Connector configuration¶
This level is typically created and managed by an Admin or IT and it exists to:
- Make a given Connector available to specific groups of users.
- Allow an administrator to enter information that users won’t know and/or that will be the same across all users/data sources that rely on the Connector Config.
- It also allows an Admin to keep sensitive information secure from users who shouldn’t have access, e.g. an SSH Key.
Data Source configuration¶
This level is typically created and managed by either individual users or admins, depending on how access to the source system data is being managed and it exists to:
- Contain all persistent configuration not already captured at the Connector Config level.
- Typically, this includes everything except for user credentials supplied at runtime for a shared Data Source Config.
Session configuration¶
This level is almost exclusively managed by individual users or ignored if not required and it exists to:
- Capture information at runtime of import/export.

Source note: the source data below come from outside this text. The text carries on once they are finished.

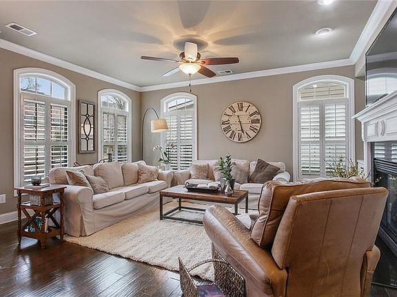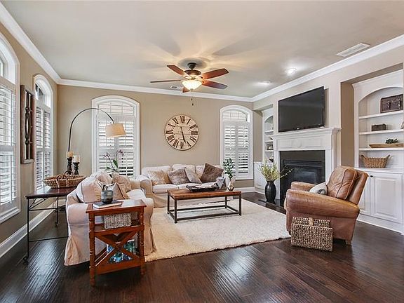 - Interior: Ceilings 9 Ft Plus, Double Vanity, Gas Logs, Separate Shower, Bookcases, Garden Tub, Tile Bath, Carpet
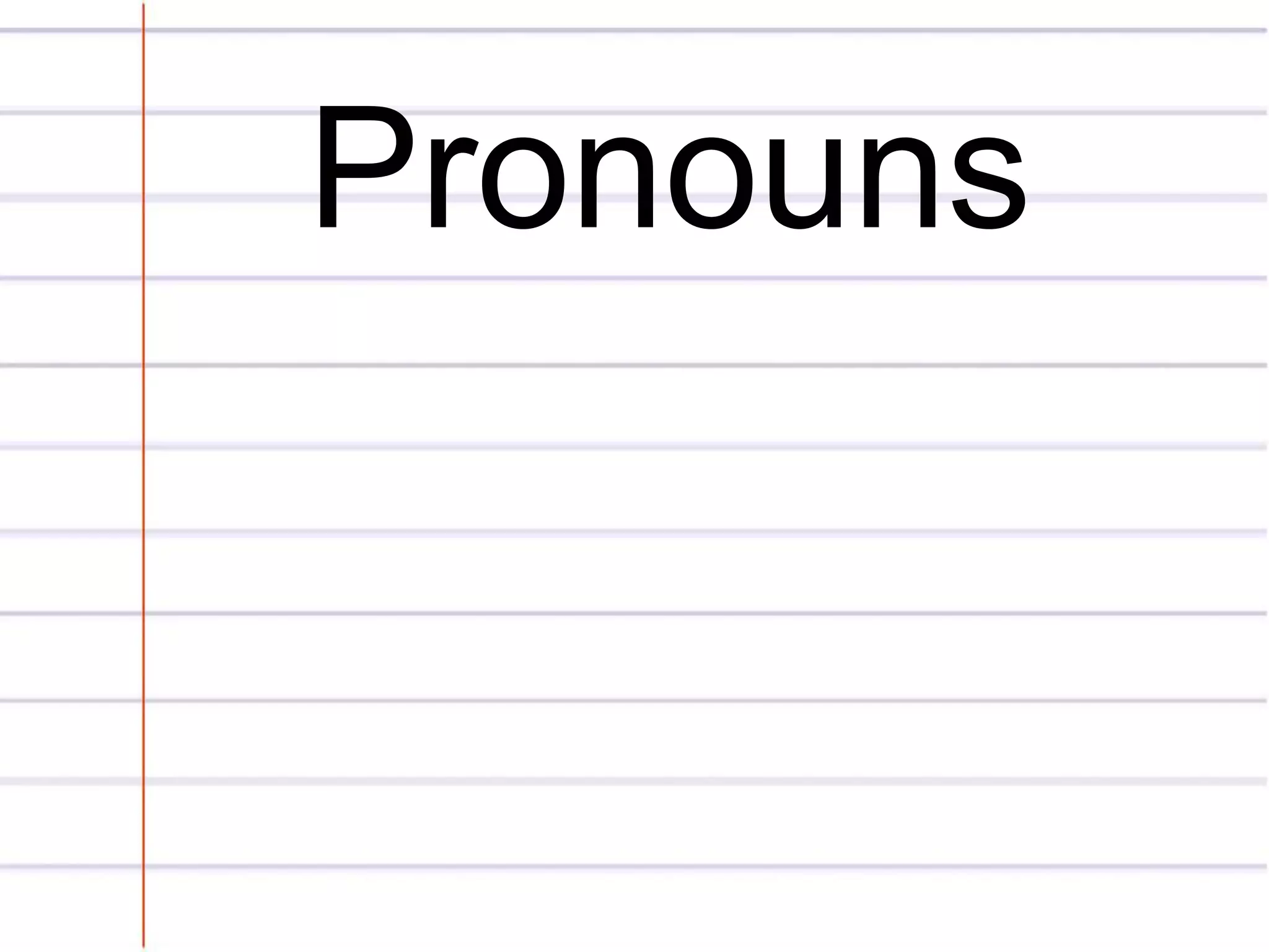 This document defines and provides examples of different types of pronouns, including personal pronouns like I, you, he, she; possessive pronouns like mine and yours; demonstrative pronouns like this and that; relative pronouns like who and which; reflexive pronouns like myself and yourself; interrogative pronouns like who and what; and indefinite pronouns like all and either.
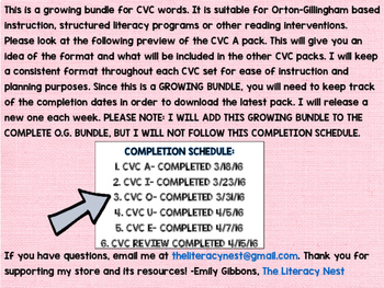 CVC words are some of the first and most common words in the English language that young readers learn to read. Using a multisensory approach to teach CVC words will ensure reading success for your students. This multisensory phonics bundle is suitable for reading intervention, the Orton-Gillingham approach or other structured literacy programs. It is compatible with Orton-Gillingham Level 1.This is a bundle for CVC words. Please download and look at the following preview of the CVC A pack. This will give you an idea of the format and what will be included in the other CVC packs. I keep a consistent format throughout each CVC set for ease of instruction and planning purposes.What is the savings?All six packs purchased separately would cost $19.50. The total cost of this bundle at a discounted price is $15.
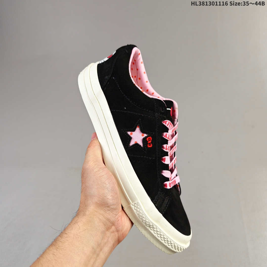集合💰130 男女鞋真标硫化工艺#双层围条夹布防开胶工艺#OrthoLite欧索莱缓冲环保去臭鞋垫组合聚氨酯硅蓝PU减震❗萌到犯规,携手日本知名卡通 IP凯蒂猫《Hello Kitty》 x Converse One Star Suede Low"Prism Pink"一星古着系列经典低帮复古休闲百搭硫化板鞋“联名浅粉红凯蒂猫”362941C 尺码:35 36 36.5 37 37.5 38 39 39.5 40 41 41.5 42 42.5 43 44 主要以 Hello Kitty 形象搭配标志性粉色,鞋头处的小蝴蝶结、星星两侧的猫胡须这样的小细节更是可爱到犯规。Hello Kitty不注视你,反而像猫星人般好奇的凝望着街头上的人。HL381301116 Size:35~44B
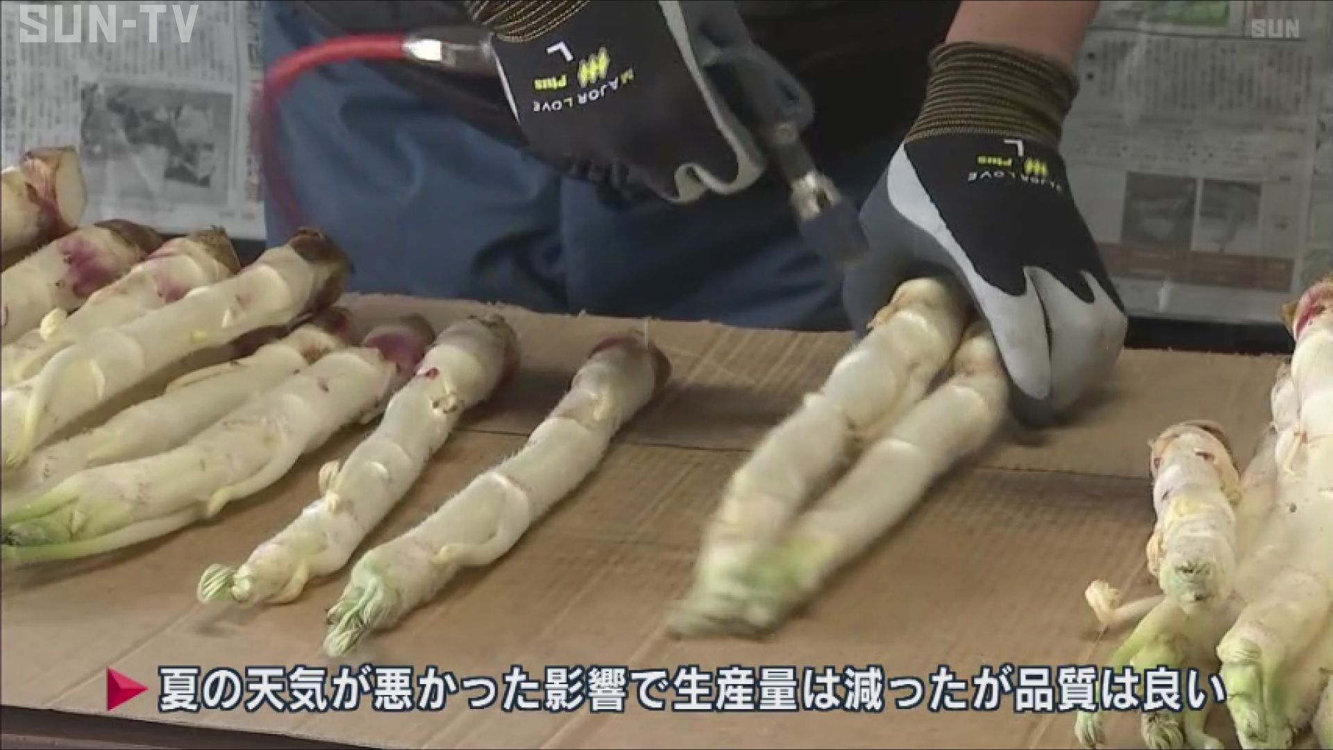 今シーズンは、夏の天気が悪かった影響で生産量は減りましたが、品質は良いということです。 シャキシャキの歯ごたえで、酢のものや天ぷら、きんぴらなどにして食べるのが人気の特産「山うど」。 収穫は、3月中旬まで続き、主に京阪神に出荷されます。
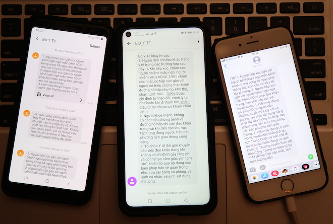 Tất cả các thuê bao di động của các nhà mạng tại Việt Nam đều đã nhận được tin nhắn cảnh báo về dịch nCoV.
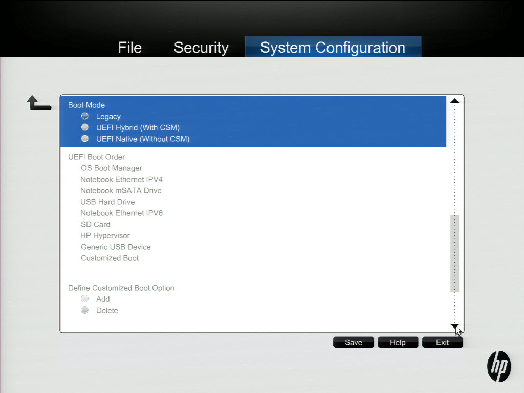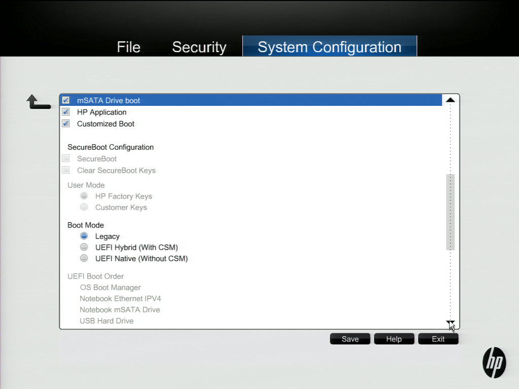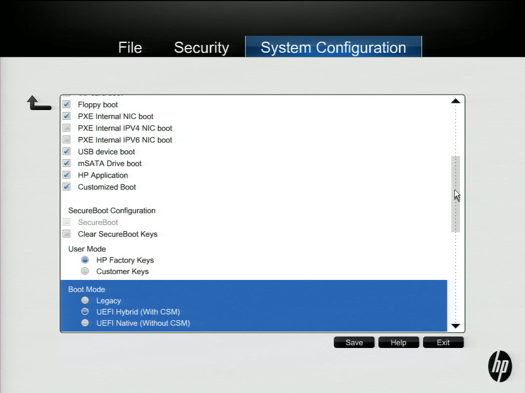 The following screen shots were taken from a HP EliteBook Folio 9470m. I plan on explaining some of the necessary settings in the future as they relate to UEFI and Secure Boot for Windows 10, but for now if you need some screen shots for documentation or are just curious as to some of the settings feel free to use the ones below. I did not grab every screen, but I did get the important ones.
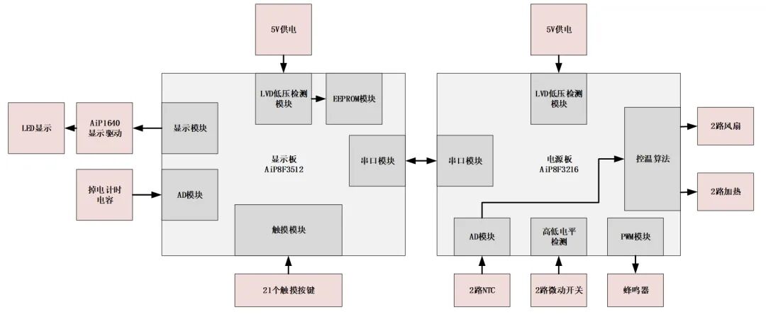 根据市场调研,市面上多数双锅空气炸锅均采用全触控操作方式,常规的一个MCU+显示驱动的方式不足以满足多按键操作,故而本方案采用显示板+电源板双MCU的解决方案。其中显示板用来检测触摸按键、驱动LED显示、检测掉电电压以及发送指令给电源板MCU,显示板MCU采用中微爱芯AiP8F3512芯片,AiP8F3512是一款低功耗触摸型8051内核MCU,内置16KB FLASH ROM、1KB XRAM、256B IRAM、128B EEPROM、内部集成Timer0/1/2/5、UART和TOUCH,12bit-ADC,最多支持26路触摸通道,芯片资源丰富、功能强大,开发省力便捷;显示板显示驱动芯片采用我司的AiP1640芯片,AiP1640是一种两线串口共阴极8段16位LED驱动控制专用电路,内部集成有MCU数字接口、数据锁存器、LED高压驱动等电路,本产品性能优良、质量可靠,主要用于小家电产品的显示屏驱动;电源板根据显示板下发的指令控制加热、风机运转、蜂鸣器以及检测锅内温度和抽锅状态并将信息上传显示板,电源板MCU采用中微爱芯AiP8F3216芯片,AiP8F3216是一款低功耗8051内核MCU,内置16KB FLASH ROM、1KB XRAM、256B IRAM、128B EEPROM、内部集成Timer0/1/2/5、UART和TOUCH,12bit-ADC,满足客户需求。
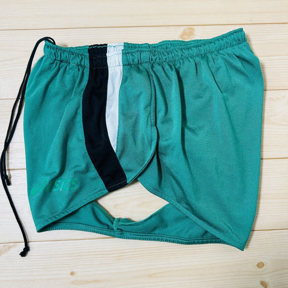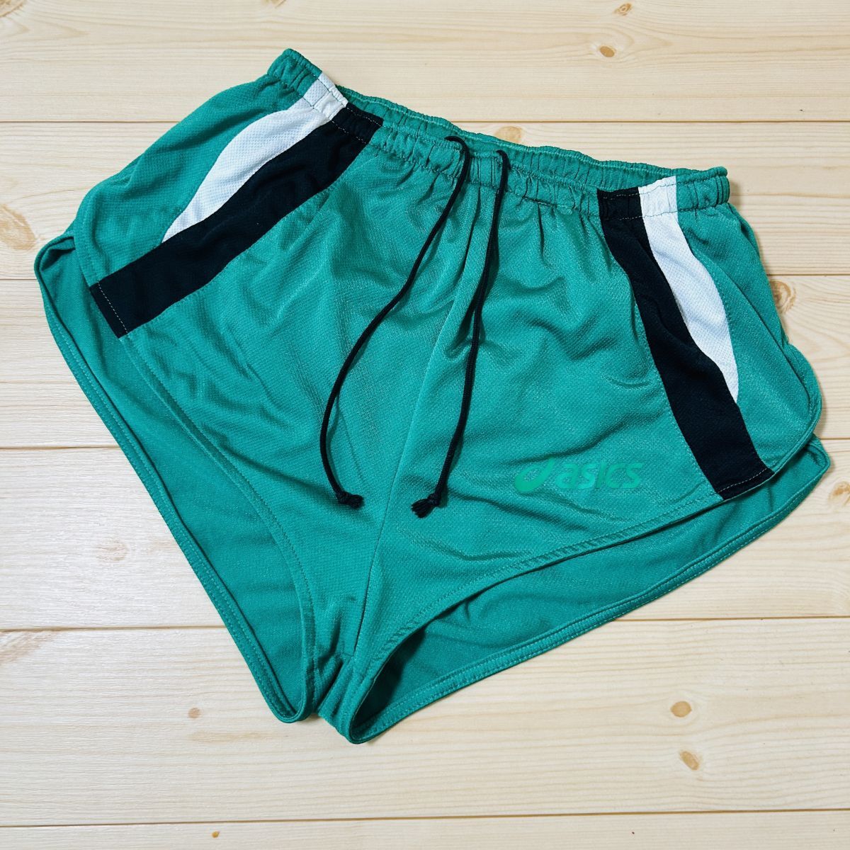 ◎asics アシックス 陸上 ベリーショートパンツ ジャージ ユニフォーム サイドスリット ランパン 競技用 レディース 緑 Mサイズ◆M28
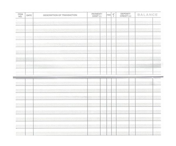 Standard Checkbook Register, measures 3" x 6" and has current 3 full year calendar on the back cover.
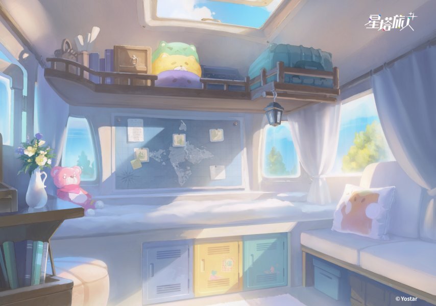 《星塔旅人》运用了辨识度极高的赛璐璐风格美术设计,以“旅行”作为核心线索,围绕旅人们的代步工具与带有“时空穿梭感”的随身物品展开了全面的视觉塑造,呈现出清新且富有活力的画面效果。与此同时,游戏在场景绘制过程中融入了水彩笔触的表现手法,既确保了画面的美感,又能使角色在场景里更加醒目。此外,场景氛围的营造还着重体现怀旧与现代的冲突感,例如魔法师的办公桌上放置着电脑、复古客厅中陈列着冰箱等,让奇幻与都市相互交织的新奇体验贯穿始终。
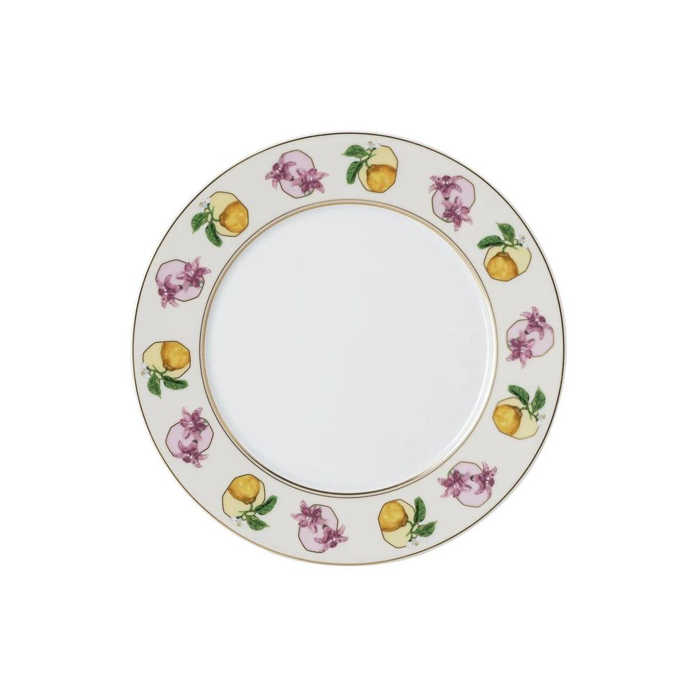 Elaborado en fina porcelana en un suave rosa malvavisco, este elegante plato está adornado con delicadas ilustraciones florales y motivos inspirados en limones.
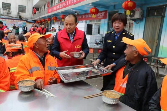 當(dāng)日凌晨5時許,太康縣愛心早餐點人頭攢動,熱鬧非凡,一輛裝滿新鮮蔬菜的大貨車停放在院中,20多名城管志愿者在太康縣城管局局長張愛梅的帶領(lǐng)下正從車上往下卸蔬菜。聽說愛心企業(yè)要為環(huán)衛(wèi)工捐贈蔬菜,太康縣委常委、統(tǒng)戰(zhàn)部長張新棟也放棄節(jié)日休息,天不明趕到太康愛心早餐點,加入到蔬菜裝卸行列?!肮?jié)日里,縣領(lǐng)導(dǎo)也不忘過來看望我們環(huán)衛(wèi)工,真讓人感動啊?!笨粗鴱埿聴潯垚勖返热嗣η懊笮妒卟?,臉上浸滿了汗珠,環(huán)衛(wèi)工張大爺?shù)热藙忧榈卣f,“社會上有這么多好人關(guān)心我們環(huán)衛(wèi)工,我們再苦再累也值了!”
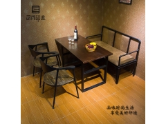 美式客廳復(fù)古鐵藝軟皮沙發(fā)椅酒吧桌椅雙人咖啡桌卡座椅單人椅
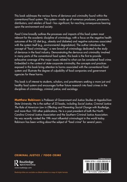 This book is of interest to students, scholars, and practitioners seeking a more just and healthy food system and encourages further future research into food crimes in the disciplines of criminology, criminal justice, and sociology.
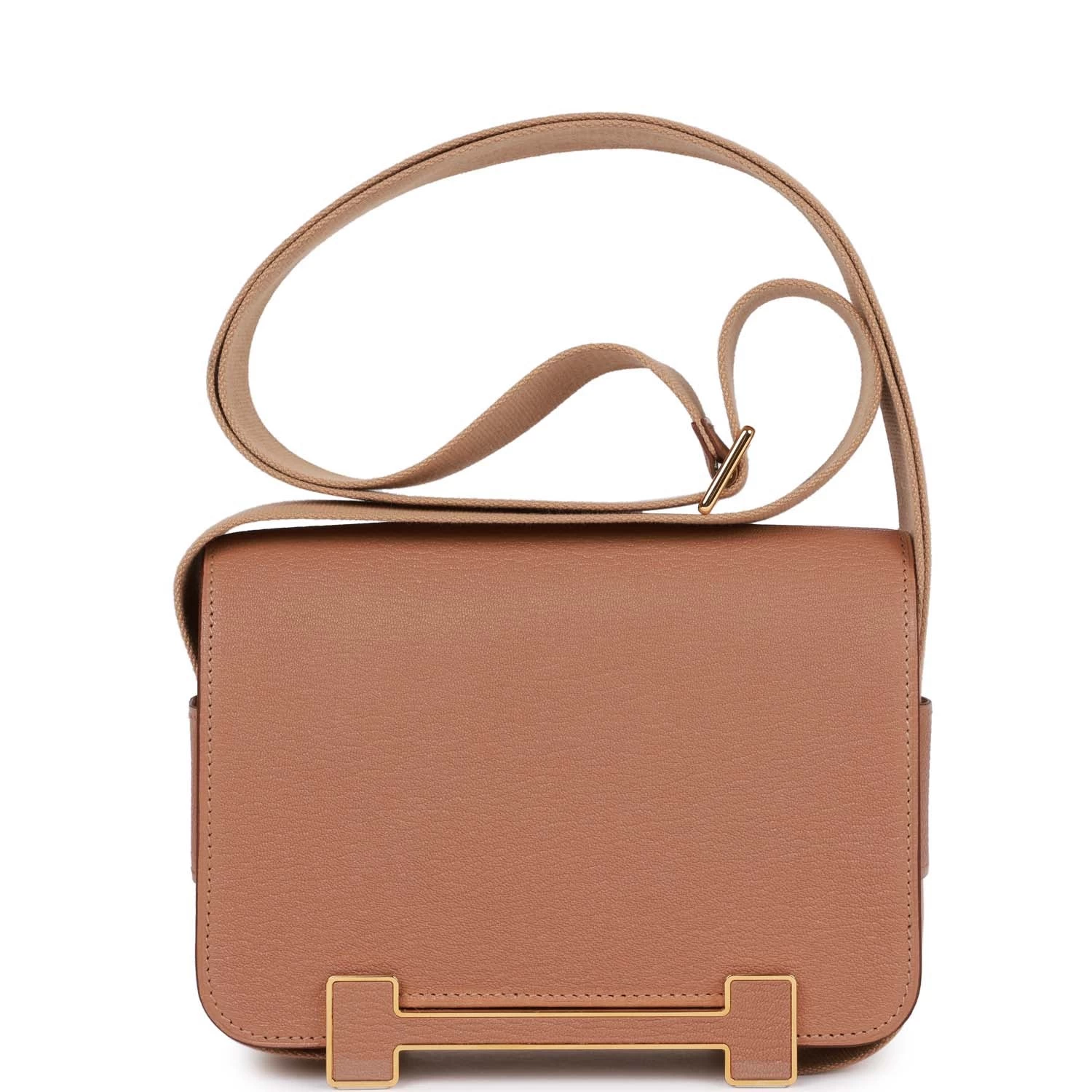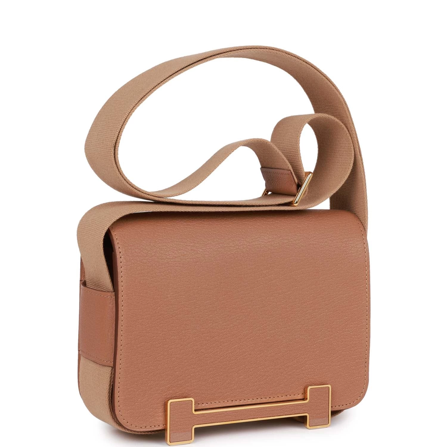 This Hermes Geta Bag is in Quebracho and Chai chevre leather with gold hardware, tonal stitching, single magnetic flap closure, and adjustable shoulder strap.

- Typically, this is limited to user credentials.
Sharing controls¶
- Connector & Data Source Configs can be shared with groups within your tenant.
- These sharing controls also allow you to specify if members of the specified groups can Read, Update, or Delete the configuration and whether the users may perform imports and/or exports with the configuration.
Example Setups¶
The following are a few examples of business situations and how the Connector Framework can be set up to accommodate the needs of each team.
Example 1:¶
Business Situation¶
IT-managed SFTP Server authenticated by “SSH Key with Passphrase” where the key and passphrase are held by IT and several teams will need access to different directories.
Setup¶
- Connector Config
- IT will create one Connector Config and fill out SFTP Host & Port, SSH Key & Passphrase.
- Sharing: None
- Data Source Config
- Create a new Data Source for each team, specify the appropriate Root Directory.
- Sharing: Share each fully-configured Data Source as Read-only with the corresponding team and allow imports & exports if appropriate.
- Session Config
- N/A
Benefits of this approach¶
- If the credentials change, they only need to be managed in one place.
- IT can manage credentials and keep them private from users.
- Each team has the access they need without having to manage access control on the data source itself.
Example 2¶
Business Situation¶
Admin managed Salesforce Org where each user should access only the information they have permissions for in Salesforce and each user will need to run automation jobs within Data Prep.
Setup¶
- Connector Config
- The Salesforce Admin will create one Connector Config and fill out all relevant information except for User & Password.
- Sharing: Share this Config with each relevant group as Read-only.
- Data Source Config
- Each user should create their own Data Source config and fill out just their credentials so their setup persists and can be used in automation jobs.
- Sharing: None
- Session Config
- N/A
Benefits of this approach¶
- Admin level setup is completed by the admin and each user must only enter their username and password, the information they should have readily available.
- Each user’s authorization is managed in Salesforce.